Looking for ways to cap the rising cost of military health-care

Hundreds of millions and perhaps billions of dollars could be saved by reforming United States military health-care services. This finding - by several top-level government and private organizations - comes as lawmakers are looking for ways to tighten up defense spending and reduce federal deficits.

The Pentagon is examining these recommendations and, in some instances, asking for legislative changes that would make them possible.

But there remain strong doubts whether fundamental reforms will occur this election year. Like military retirement benefits, medical care for the armed forces (and especially family members and retirees, who outnumber those in uniform) is a politically touchy subject. Opponents see change here as one more encroachment on benefits for the armed services which could harm recruiting and retention.

The President's Private Sector Survey on Cost Control (the Grace Commission) warned that ''the health-care costs of the Department of Defense have risen significantly over the past few years, without sign of abatement.''

The Congressional Budget Office (CBO) reported last week that the costs to cover medical benefits for almost 10 million people - most of them family members of those in uniform or military retirees - exceed $5 billion a year.

CBO analysts found that changing the system ''could save at least $2 billion over the next five years and possibly improve aspects of health-care services.''

First, it finds that charging nonactive-duty beneficiaries small fees ($5 to million dollars a year and reduce unnecessary visits.

''That such visits are free may encourage too heavy a use of outpatient medical services,'' the CBO reported.

Today, the 160 military hospitals and 300 clinics often are so crowded that many of those eligible are forced to go to private hospitals or clinics instead. Under this Civilian Health and Medical Program of the Uniformed Services (CHAMPUS), the federal government must reimburse these civilian facilities at their higher rates.

Charging small fees could not only save money, the CBO reported, but relieve the pressure on military medical facilities and result in more timely care for those who are in need.

The Defense Department also is spending nearly $400 million a year on medical care for those who have private insurance coverage (typically dependents or retirees). This year, the Reagan administration is seeking legislation that would require private insurers to reimburse the federal government in such instances.

Collecting military medical costs from private insurers could save the federal government $1.4 billion over the next five years, according to CBO estimates. Congressional sources say insurance companies are lobbying heavily against this proposal.

Among its recommendations, the Grace Commission said the Defense Department should require those living within 40 miles of a military medical facility to use such facilities rather than going to civilian facilities under the CHAMPUS program.

This could save $1.2 billion over three years, according to this estimate.
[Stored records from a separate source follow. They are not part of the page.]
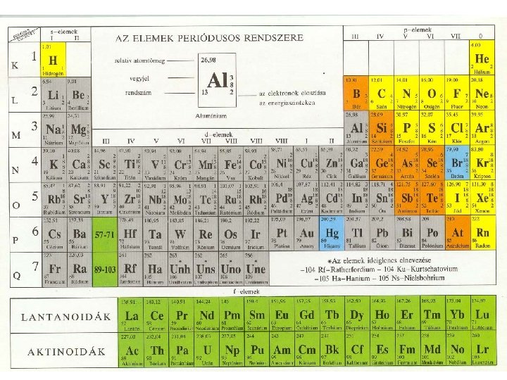 A KVANTUMSZÁMOK Kvantumszám „Jelentése” Értékei n: főkvantumszám körpálya sorszáma n 1, 2, 3, 4, . . . l: mellékkvantumszám ellipszispályák száma l 0, 1, 2, 3, . . . , n– 1 m: mágneses kvantumszám pályasík térbeli helyzete m –l, . . . – 1, 0, 1, 2, . . . , l s: spinkvantumszám forgás iránya s 1/2 ; -1/2 Tehát egy adott n főkvantumszámú héjon legfeljebb 2 n 2 elektron tartózkodhat.
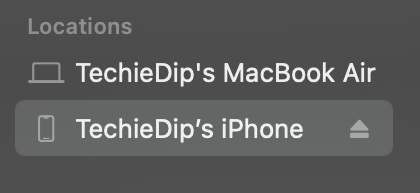 - 打開Finder並等待它檢測iPhone(在“位置”下)。
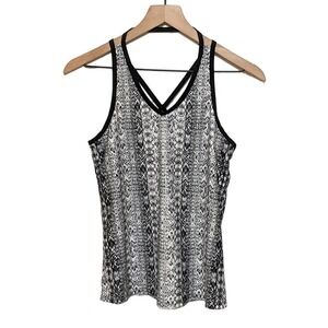Athleta Womens Snake Print Limitless Tank Top Size XS Black White V Neck
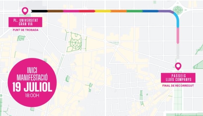La desfilada reivindicativa tindrà el mateix recorregut que l’edició passada. La concentració prèvia ocuparà la Gran Via, des del carrer d’Urgell fins a la plaça Universitat, des d’on iniciarà la marxa a les 18 h. per avançar per la Gran Via amb direcció pl. Tetuan i continuar pel passeig de Sant Joan i pg. de Lluís Companys, finalitzant al pg. de Pujades.
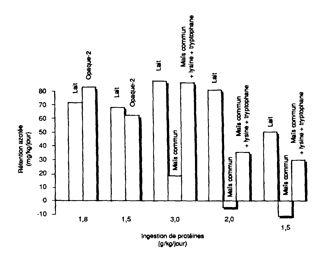 Dans une étude conduite par Luna-Jaspe, Parra et Serrano (1971), la rétention azotée du maïs commun, du maïs opaque-2 colombien (ICA H208) et du lait a été comparée chez trois enfants de 24 à 29 mois, pesant de 5,9 à 10,1 kg. L'apport protéique et calorique était d'environ1g et 100 calories par kilogramme de poids corporel et par jour. La rétention azotée était négative lorsque les enfants recevaient le mais opaque-2. Toutefois, le maïs commun entraînait un chiffre encore plus faible ou plus négatif. Lorsqu'on a donné du lait à ces enfants, l'un d'entre eux a présenté un bilan négatif et les deux autres un bilan positif, le bilan moyen étant positif.
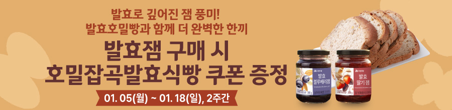![]() v 매장: 발효잼(2종) 구매 시, 발효호밀빵 6종 50% 혜택
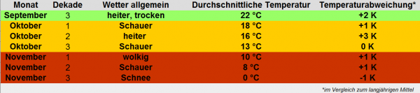 Die Computermodelle zeigen das überdeutlich; in 8 von 10 Berechnungsläufen bleiben September, Oktober, und zum Teil auch der November, zu mild - wobei die Novemberprognose am unsichersten ist.
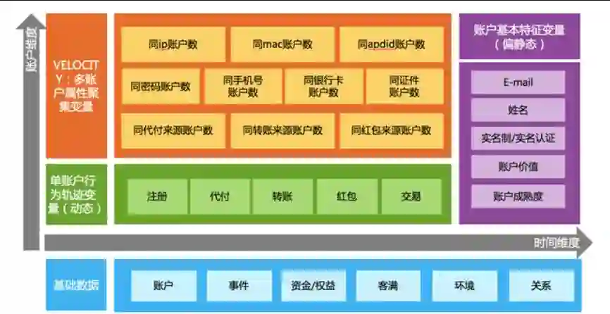 反作弊变量体系(维度甲:作弊环节,登录、注册、实名、转账、交易、参与营销活动、改密……维度乙:作弊介质,账户、设备、IP、WiFi、银行卡……)。
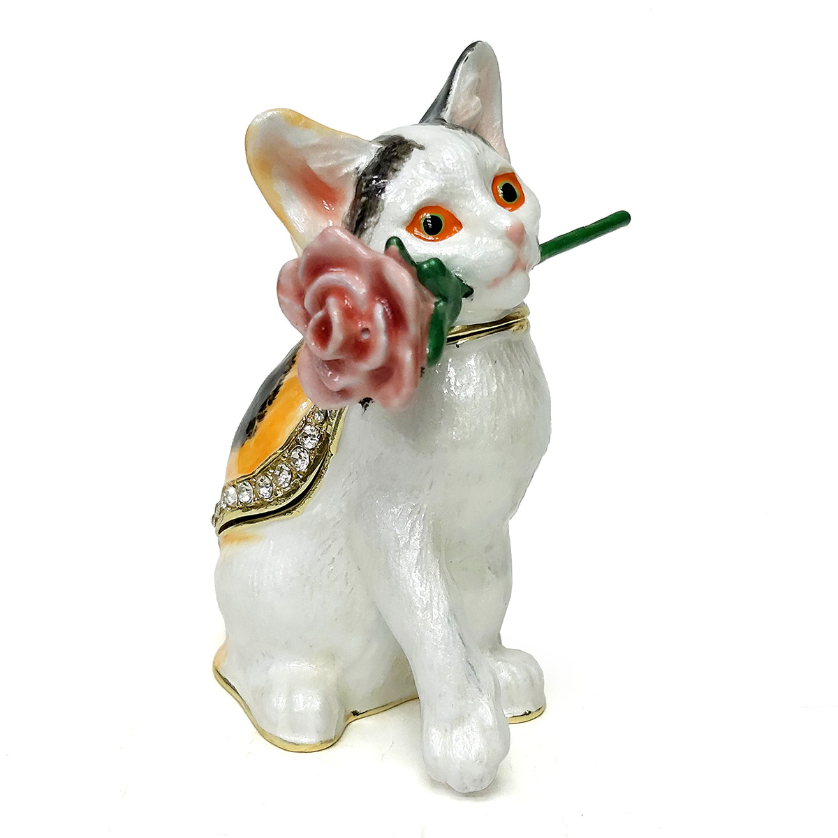 Шкатулка под Фаберже Кот с цветком №SBP3801K1

The Grace Commission also concluded that charging military patients $10 per visit (with a maximum of $100 a year) could save another $933 million over the same period, and that charging private health insurers would bring in $1.2 billion. In general, the CBO found the Grace Commission's estimated savings overstated by about one-third.

The Pentagon is reluctant to press for such fundamental reforms, say knowledgeable sources, for fear of undercutting military morale at a time when recruiting and retention are again becoming concerns.

But the Defense Department this week did announce that it is using a computer network to ensure that military dependents and retirees who seek government-funded health care in private facilities in fact are elegible.